Через три дня после письма Бренде пришла слегка архаичная записка Элеоноре, призывающая ее разыскать его, если она приедет в Лондон, "если замужние дамы могут делать такие вещи". Но большая часть переписки Оруэлла за первые несколько месяцев его пребывания в Лондоне носит узкопрофессиональный характер - письма его агенту, издателю, переводчику, - и их общий эффект, несмотря на его заявления об обратном, показывает, насколько сравнительно успешным был его старт как писателя. Американское издание "Бирманских дней" вышло в конце октября. Было больше работы над рецензиями для "Адельфи", все еще сосредоточенной на религиозных интересах Оруэлла, вечно настороженно относящегося к римскому католицизму, но стремящегося отдать должное подлинной учености. Так, он хвалит книгу Кристофера Доусона "Средневековая религия" за отсутствие "юмора, которого мы привыкли ожидать как само собой разумеющегося от римских католиков" и приветствует присутствие католического писателя, "который может дать нам что-то лучшее, чем брюзжание [Хиллера] Беллока и щебетание [Рональда] Нокса". К этому времени с Генриетта-стрит пришли новости о "Дочери священника", романе, в точном значении которого Виктор Голланц сомневался настолько, что послал его трем разным читателям. Каждый из них похвалил книгу , но в то же время высказал оговорки. Рубинштейн, что вполне предсказуемо, беспокоился о клевете. Оруэлл, согласившись исключить различные случайные ругательства, убрать сцену, в которой мистер Уорбертон пытается изнасиловать Дороти, и смягчить разоблачение системы частных школ Западного Лондона в части IV, которое, как он признал, было "перегружено", провел месяц, возившись с рукописью, закончил свои правки в разгар предрождественского ажиотажа ("в магазине мы выбились из сил", - сказал он Муру) и вернул текст в Gollancz 17 декабря.
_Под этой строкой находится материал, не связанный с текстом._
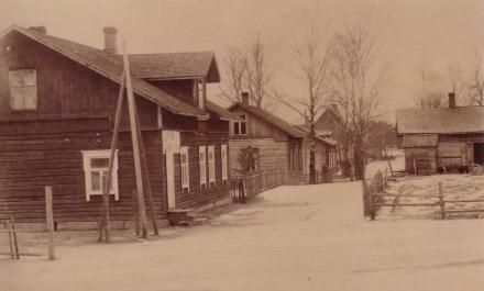 Tien länsipuolella, vastapäätä "Sumppi-Matin" taloa näkyy Tilda Tissarin vaalea puurakennus.
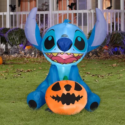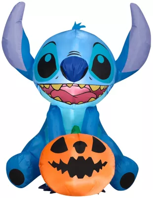 Make a spooktacular addition to your Halloween decorations with an Airblown® Inflatable Stitch! Featuring everyone’s favorite blue alien, our Stitch inflatable includes a jack-o’-lantern styled with a matching smile. This adorable Stitch inflatable sets up in a flash for the easiest Halloween decorating ever. Be the talk of the block with a Stitch Halloween inflatable! Includes everything needed for easy outdoor setup.
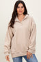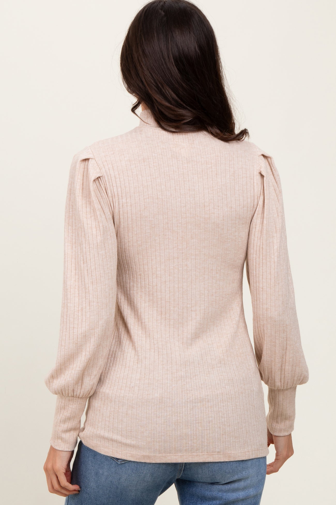 Beige Ribbed Mock Neck Bubble Sleeve Top
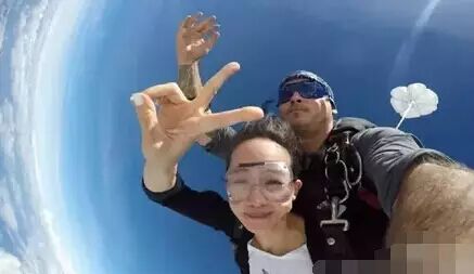 高空跳伞,风把脸吹的变形,她却依旧笑靥如花,为自己又完成list的一项欢呼。
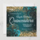 Une élégante invitation à fêter le 15e anniversaire d'une étape monogrammée. Vous pouvez facilement adapter l'année d'âge pour d'autres anniversaires ou événements spéciaux. Parties scintillant scintillante et étincelante aqua turquoise glam rose contre une image graphique sombre turquoise et bleu océan. On peut customiser le chic monogramme de calligraphie florissante classique sur le dos. Invitations de fête d'anniversaire de Quinceañera pour votre fille. Tous les éléments de parties scintillant de ce dégradé moderne sont des graphismes numériques qui impriment à plat avec des encres comme s'il s'agissait d'une photo. Ce sont de belles images de haute qualité, mais aucune parties scintillant réelle n'est utilisée sur les invitations.
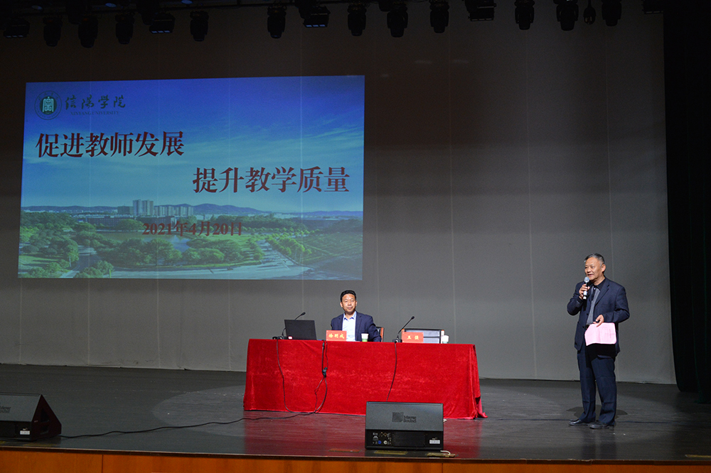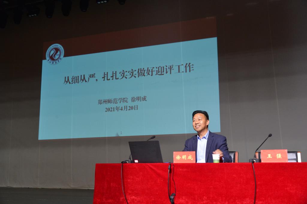 4月20日,应我校邀请,郑州师范学院教务处处长徐明成教授在我校音乐厅作了题为《从细从严,扎扎实实做好迎评工作》的报告。副校长王强出席并主持报告会。各学院院长、教学管理人员及青年骨干教师,教务处、教师发展中心、教学质量监控中心及评建办干部职工等500余人聆听了报告。
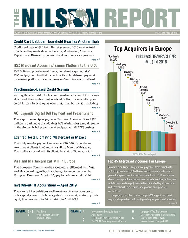 Nilson Report Top 150 Merchant Acquirers Worldwide
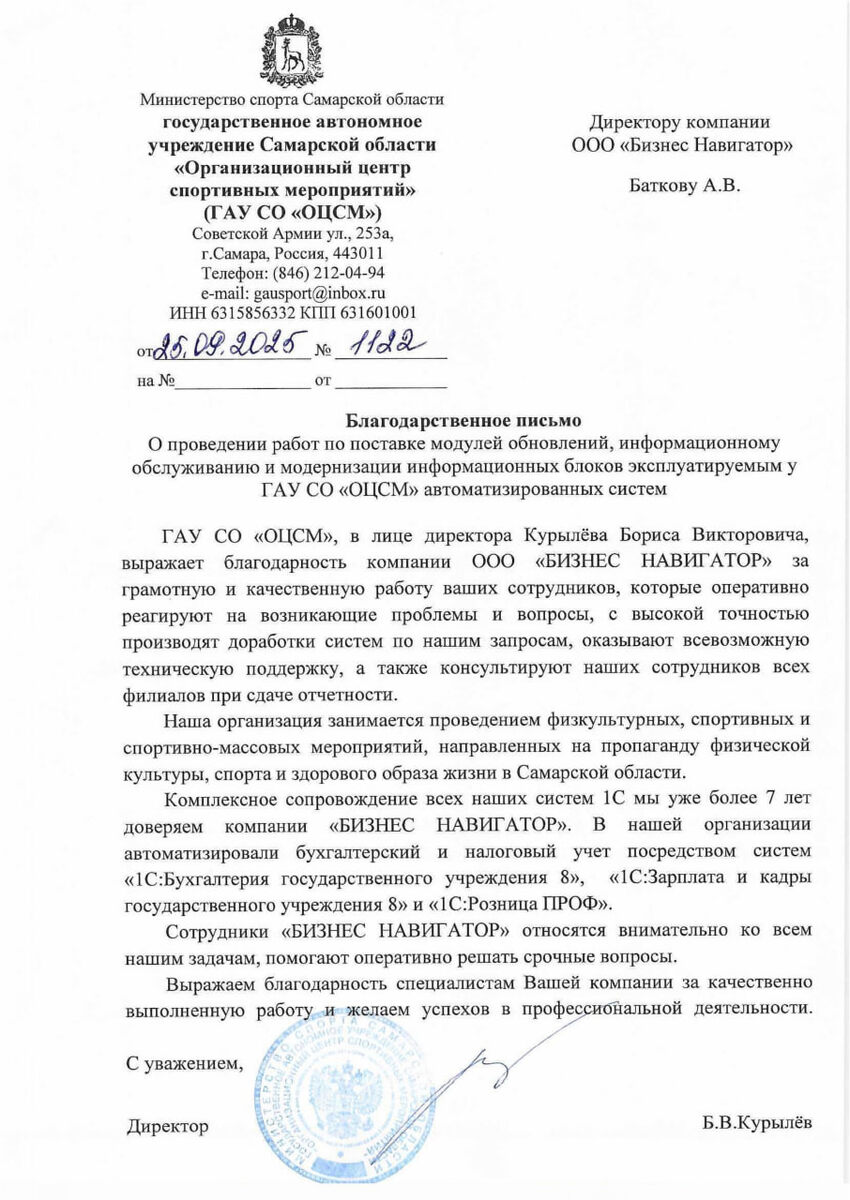 Получили новый отзыв в нашу копилку ☺️ Благодарим партнеров ГАУ ЦО ОЦСМ (Организационный центр спортивных мероприятий Самарской области). 📄Комплексное сопровождение всех наших систем 1С мы уже более 7 лет доверяем компании «Бизнес Навигатор». В нашей организации автоматизировали бухгалтерский и налоговый учет посредством систем «1С:БГУ», «1С:ЗКГУ», «1С:Розница ПРОФ». Сотрудники «Бизнес Навигатор» относятся внимательно ко всем нашим задачам, помогают оперативно решать срочные вопросы. С высокой точностью производят доработки систем по нашим запросам, оказывают всевозможную техническую поддержку, а также консультируют наших сотрудников всех филиалов при сдаче отчетности.
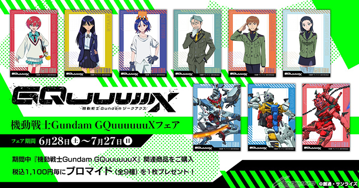Verrà distribuita una carta (nove tipi in totale, negoziabili) per ogni 1.100 yen (tasse incluse) spesi per l'acquisto o il pre-ordine del merchandising dei personaggi relativi a Mobile Suit Gundam GQuuuuuX / per ogni libro, CD, Blu-ray o DVD acquistato o preordinato (un minimo di 1.100 yen tasse incluse).
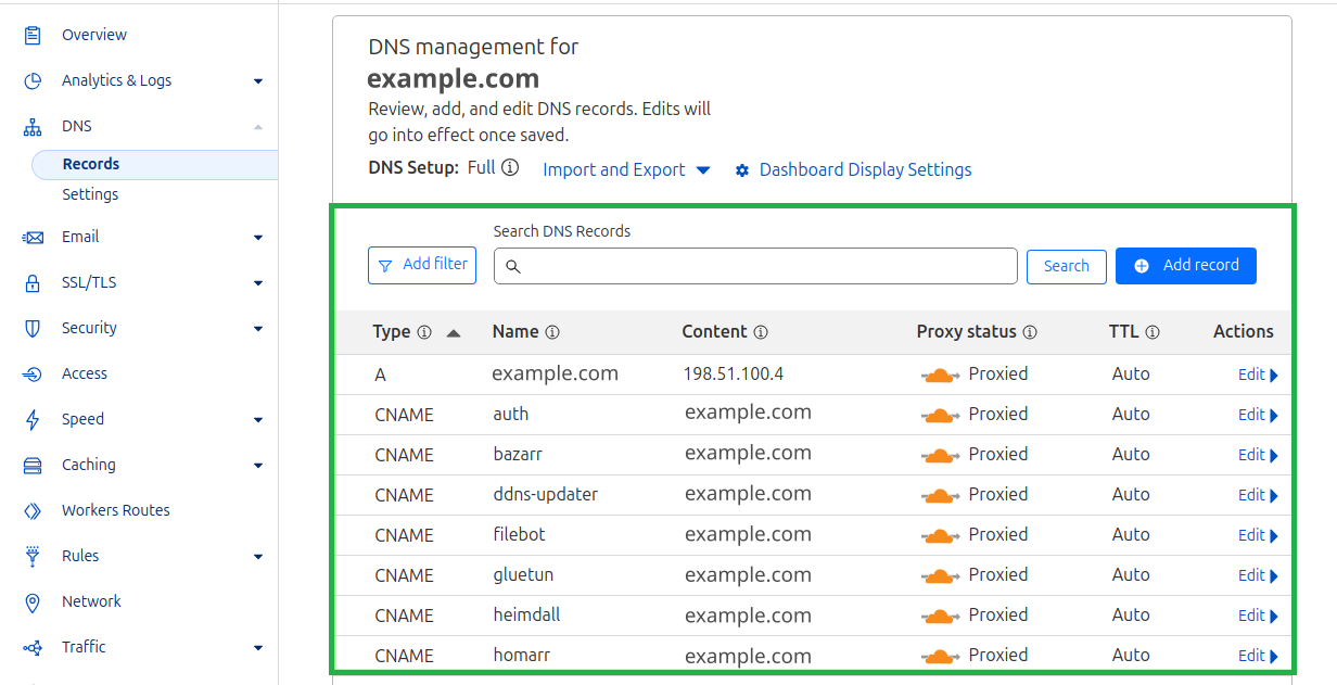 All of the subdomain CNAMES needed for your Remote MediaStack have now been added, however they all still point to the Cloudflare example IP Address of 198.51.100.4, which we want to be able to update with DDNS-Updater, any time our home IP Address changes.
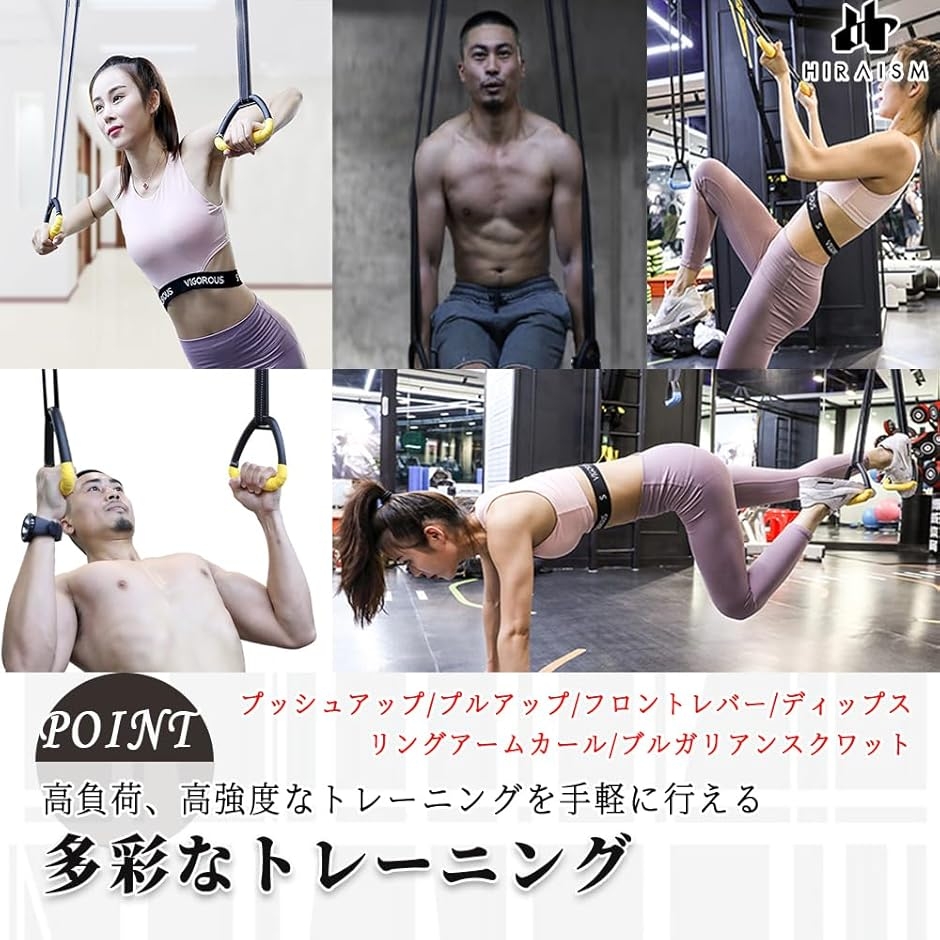 「多彩なトレーニング」プッシュアップや、プルアップはもちろん、ディップスやフロントレバー、リングアームカールなど様々なトレーニングによって、大胸筋や上腕、肩、広背筋、腹筋などの上半身を鍛えらることに加え、ブルガリアンスクワットや片足スクワットなどにより大臀筋、大腿筋といった下半身のトレーニングにも効果的に利用できます。
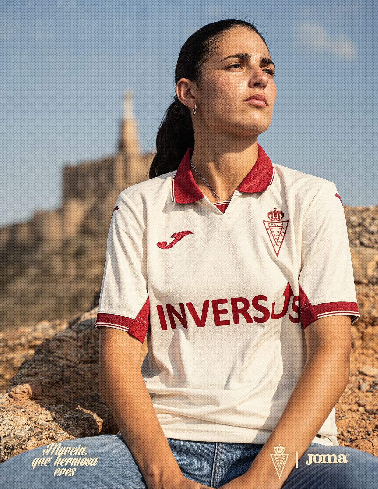 The design includes integrated graphics within the sleeves that reflect Murcia’s landscapes and heritage, aiming to connect the club’s history with its surroundings.
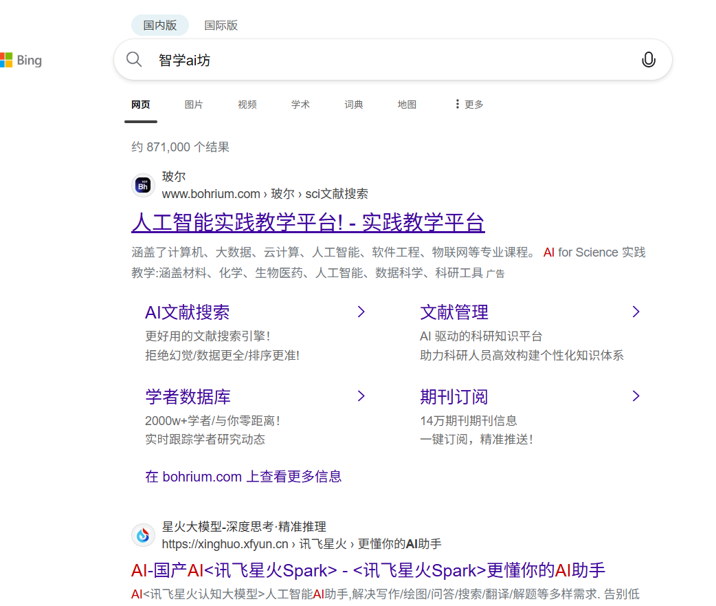 如果想我们注册的这个”智学ai坊“就是空白的,只要有人去搜索就会在最上面出现我们的网站。
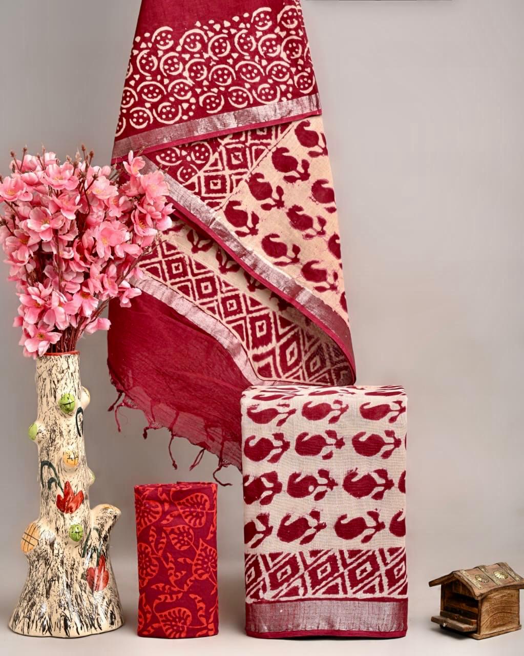 Hand Block Printed Maroon & Cream Linen Cotton Suit Set
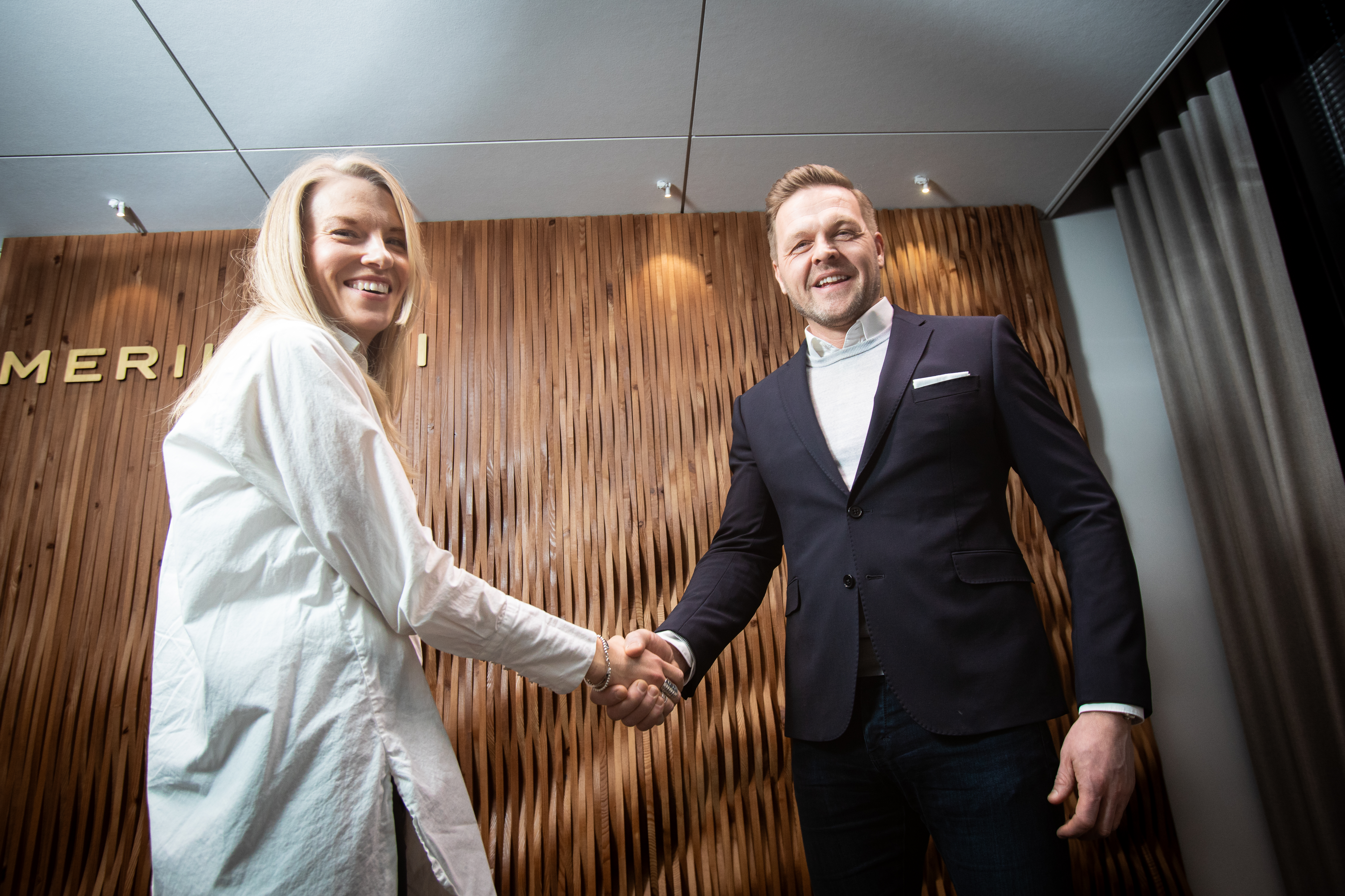 Kättä päälle. Kuvassa Dagsmarkin toimitusjohtaja Riikka Koskenohi ja Vafo Groupin johtoryhmän jäsen Timo Pärssinen.
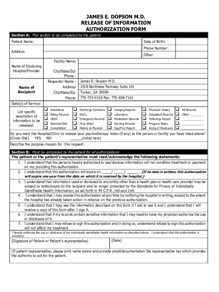 JAMES E. DODSON M.D. RELEASE OF INFORMATION AUTHORIZATION FORM Section A: This section to be completed by the patient. Patient Name:Date of Birth: Phone Number:Address:Other: Facility Name:Name of
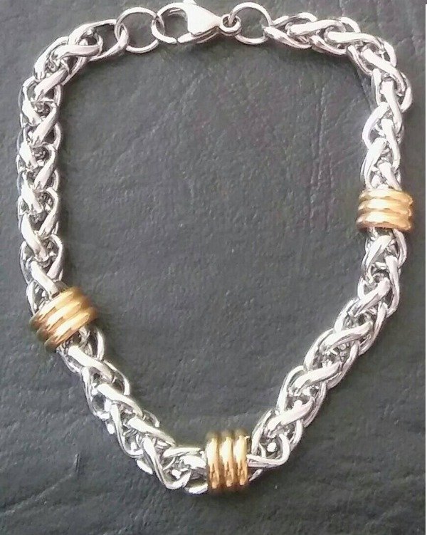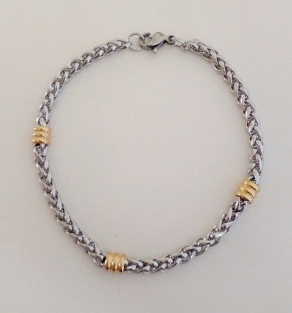 Acero quirurgico con apliques en acero dorado. 20cm de largo
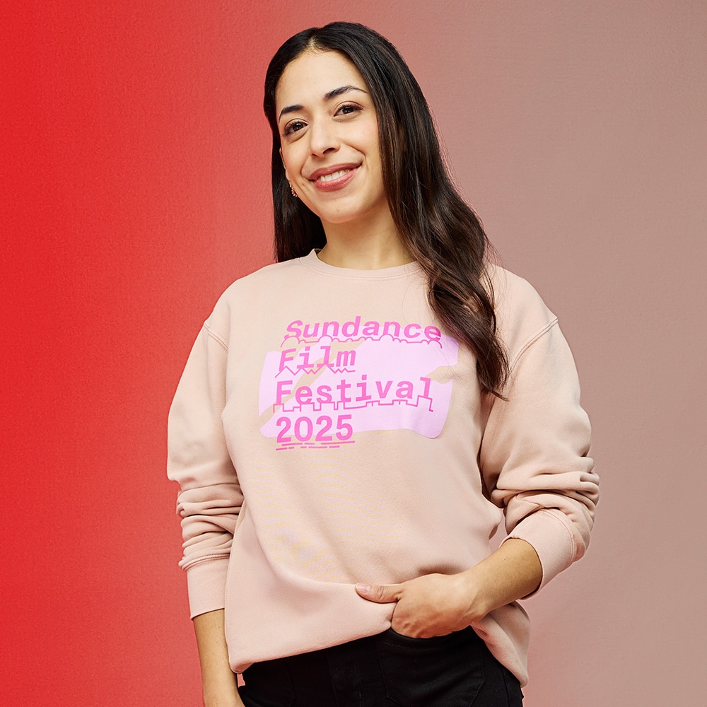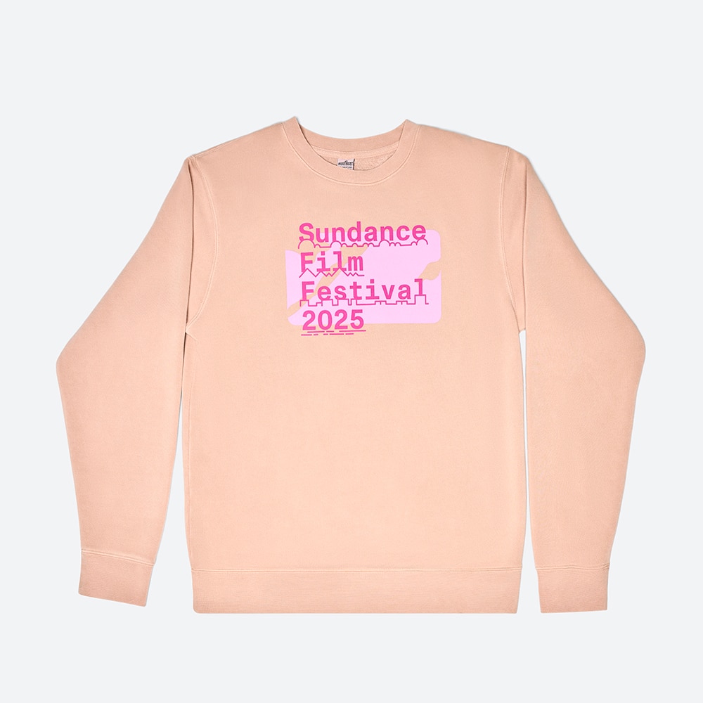 It’s refined yet playful! Perfect for any Fest moment, this long sleeve soft pink crew with “Sundance Film Festival 2025” and our Sundanscape — depicting whimsical clouds, mountains, buildings, and lakes — in vivid pink across the chest looks simultaneously subtle and striking.

Также были регулярные письма Раимбо, который нравился Оруэллу, поощрял его к переводу "Бирманских дней" и присылал книги и статьи из "Адельфи", которые, по его мнению, могли его заинтересовать. Версия "Down and Out in Paris and London", гранки которой пришли в начале 1935 года, очень понравилась ему ("необычайно хорошая работа", - поздравил он француза в письме от 3 января. Могу честно сказать, что я не только восхищен, но и сильно удивлен тем, как хорошо она выглядит в переводе"). Но большая часть свободного времени Оруэлла осенью 1934 года, похоже, была потрачена на предварительные страницы того, что после долгих душевных терзаний и процедурных дрейфов должно было стать книгой "Продолжайте полет аспидистры". Первое упоминание о ней появляется в письме Бренде в середине ноября ("книга, которую я только начинаю"). Вскоре после этого Элеонора сообщает, что "я написал не более нескольких страниц своей новой книги и очень недоволен ими". В январе появляется упоминание о том, что он "написал стихотворение, которое должно стать частью книги" (это язвительное "День Святого Андрея", напечатанное в "Адельфи" в ноябре 1935 года). Любопытно, что до самого нового года Оруэлл, похоже, не знал, над какой работой он на самом деле работает. Есть даже намек на то, что первоначальная идея, возможно, была связана с нехудожественной книгой, поскольку в письме Элеоноре от конца января говорится: "После всех моих изысканий - которые, однако, не были напрасными - я решил, в конце концов, написать новую книгу как роман, поскольку это дает мне больше свободы действий".